(Exercise objective): Starting at the first line of the data, please print exactly those lines through the one that holds "- Описание номинала: Маленький", omitting every picture.

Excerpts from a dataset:
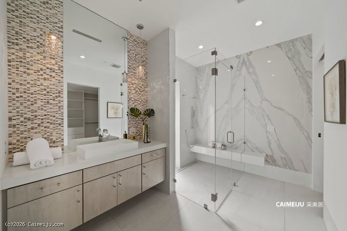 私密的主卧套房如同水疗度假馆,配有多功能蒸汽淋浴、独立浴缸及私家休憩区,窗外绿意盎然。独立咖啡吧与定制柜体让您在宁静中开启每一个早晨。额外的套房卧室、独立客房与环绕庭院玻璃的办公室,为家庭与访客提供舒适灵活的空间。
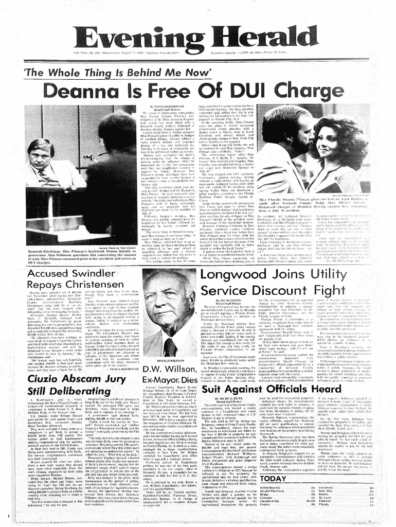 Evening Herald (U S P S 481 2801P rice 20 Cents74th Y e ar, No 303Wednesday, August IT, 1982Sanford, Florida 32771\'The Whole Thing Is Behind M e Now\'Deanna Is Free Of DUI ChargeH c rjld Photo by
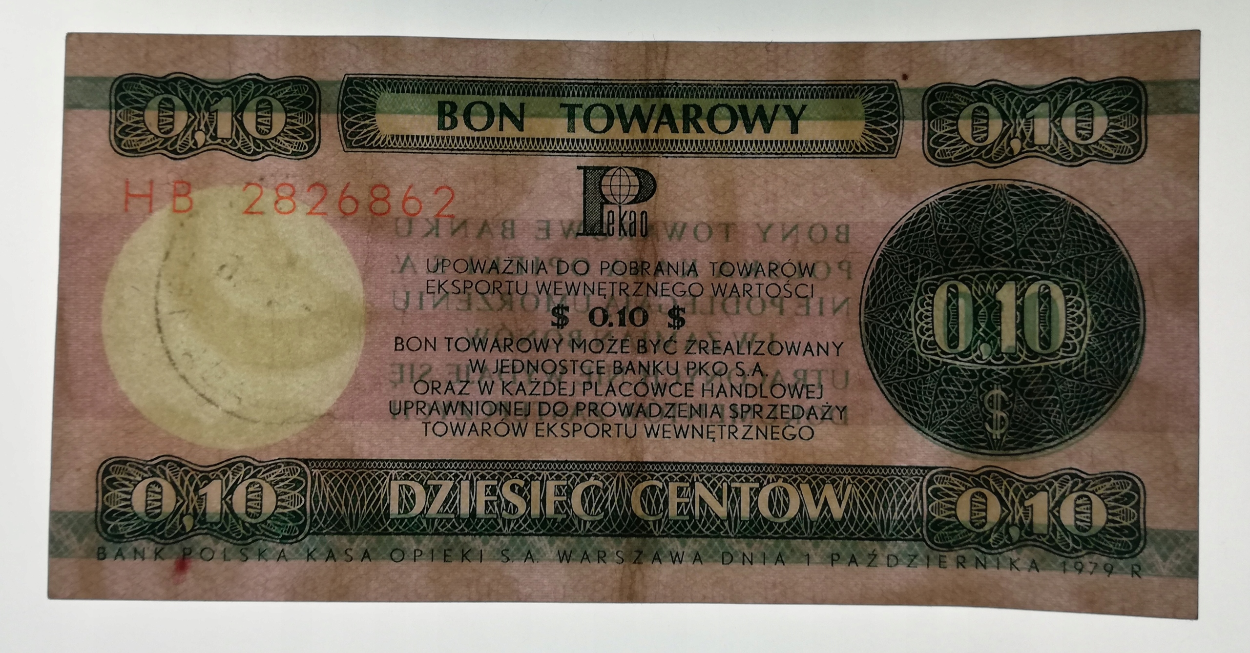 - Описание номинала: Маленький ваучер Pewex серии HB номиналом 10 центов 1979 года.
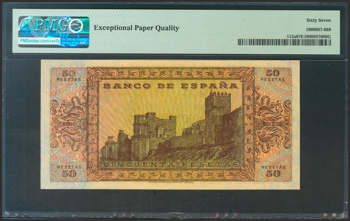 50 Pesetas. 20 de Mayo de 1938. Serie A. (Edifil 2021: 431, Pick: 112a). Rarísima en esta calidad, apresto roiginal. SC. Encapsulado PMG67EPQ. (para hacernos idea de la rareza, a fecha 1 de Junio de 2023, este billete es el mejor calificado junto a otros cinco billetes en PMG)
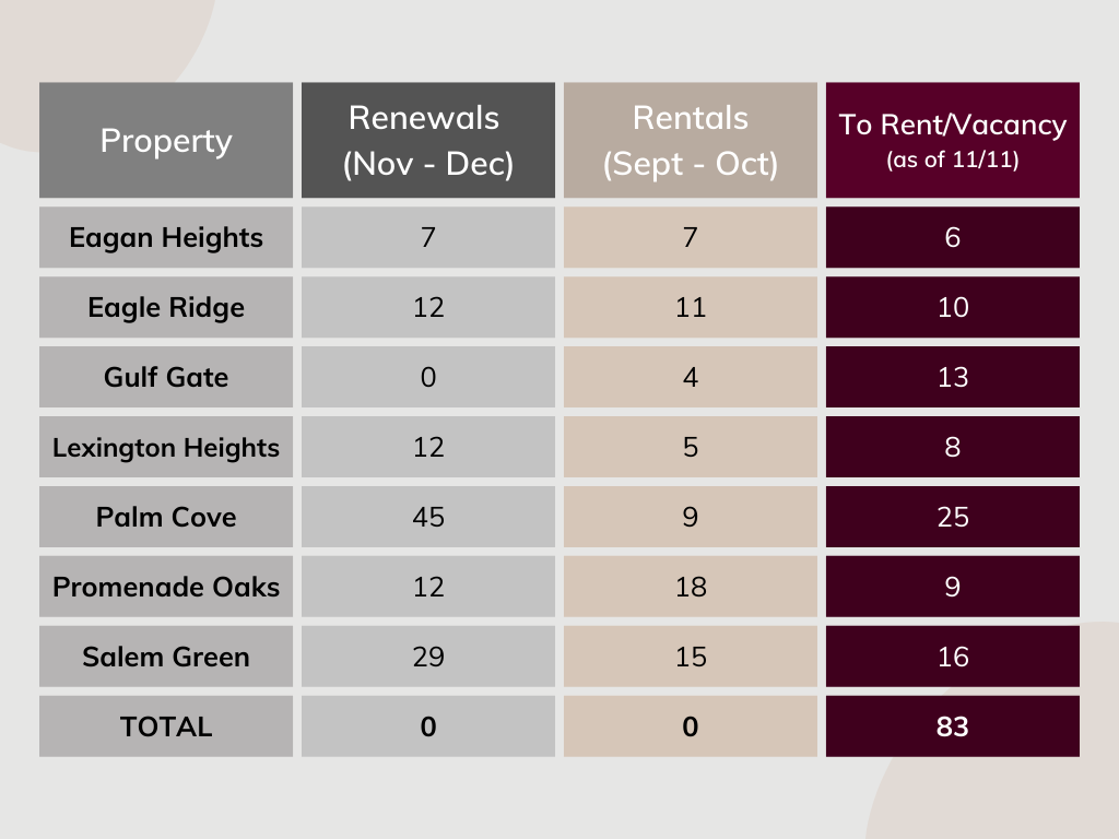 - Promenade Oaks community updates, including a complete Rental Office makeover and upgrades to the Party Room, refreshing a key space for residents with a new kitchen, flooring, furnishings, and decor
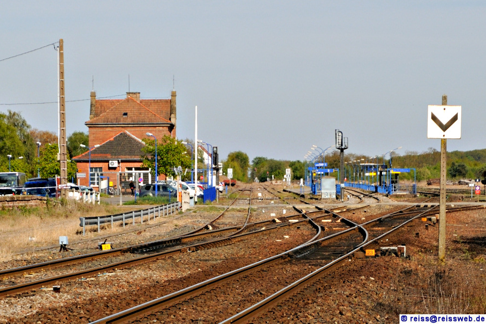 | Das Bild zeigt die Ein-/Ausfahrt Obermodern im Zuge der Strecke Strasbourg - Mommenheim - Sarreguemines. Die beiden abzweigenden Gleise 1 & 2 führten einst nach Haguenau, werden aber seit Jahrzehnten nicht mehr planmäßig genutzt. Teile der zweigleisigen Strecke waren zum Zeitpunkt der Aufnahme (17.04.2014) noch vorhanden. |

(Task result):
 私密的主卧套房如同水疗度假馆,配有多功能蒸汽淋浴、独立浴缸及私家休憩区,窗外绿意盎然。独立咖啡吧与定制柜体让您在宁静中开启每一个早晨。额外的套房卧室、独立客房与环绕庭院玻璃的办公室,为家庭与访客提供舒适灵活的空间。
 Evening Herald (U S P S 481 2801P rice 20 Cents74th Y e ar, No 303Wednesday, August IT, 1982Sanford, Florida 32771\'The Whole Thing Is Behind M e Now\'Deanna Is Free Of DUI ChargeH c rjld Photo by
 - Описание номинала: Маленький ваучер Pewex серии HB номиналом 10 центов 1979 года.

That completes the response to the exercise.